*** Opening of SOURCE DATA ***

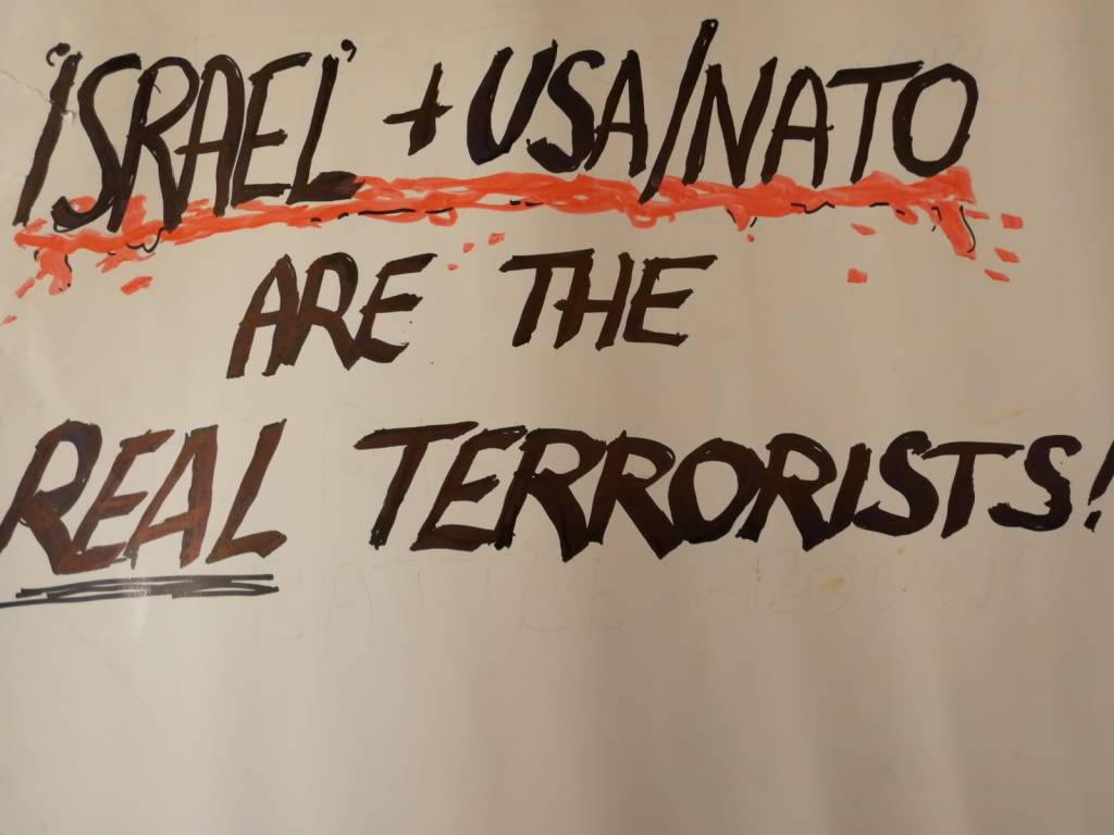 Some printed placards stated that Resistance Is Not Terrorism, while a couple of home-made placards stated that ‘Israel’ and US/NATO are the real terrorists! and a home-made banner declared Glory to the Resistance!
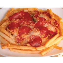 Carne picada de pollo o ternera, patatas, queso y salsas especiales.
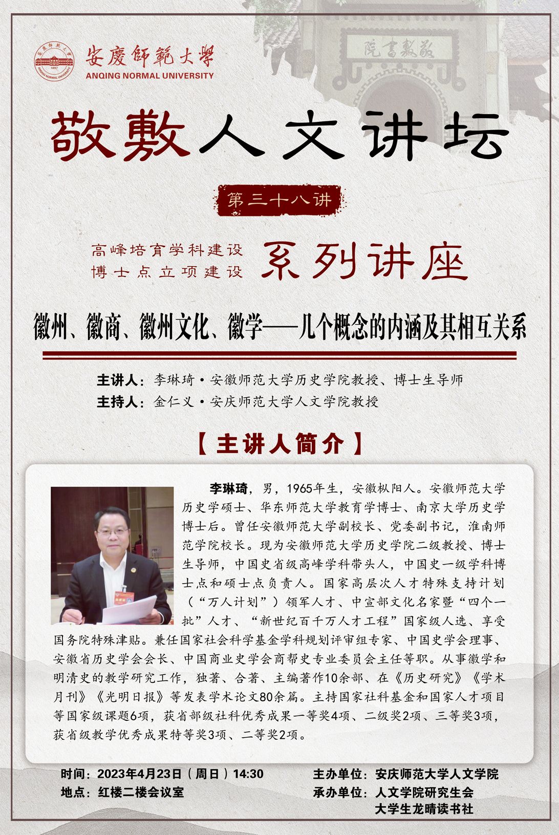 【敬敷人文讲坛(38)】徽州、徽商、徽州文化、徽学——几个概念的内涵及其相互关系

*** Close of SOURCE DATA ***

# PROBLEM DETAILS
Drop the pictures, then transcribe the lines from the one containing "Carne picada de" to the end of the data above, exactly and nothing more.

# TASK RESULT
 Carne picada de pollo o ternera, patatas, queso y salsas especiales.
 【敬敷人文讲坛(38)】徽州、徽商、徽州文化、徽学——几个概念的内涵及其相互关系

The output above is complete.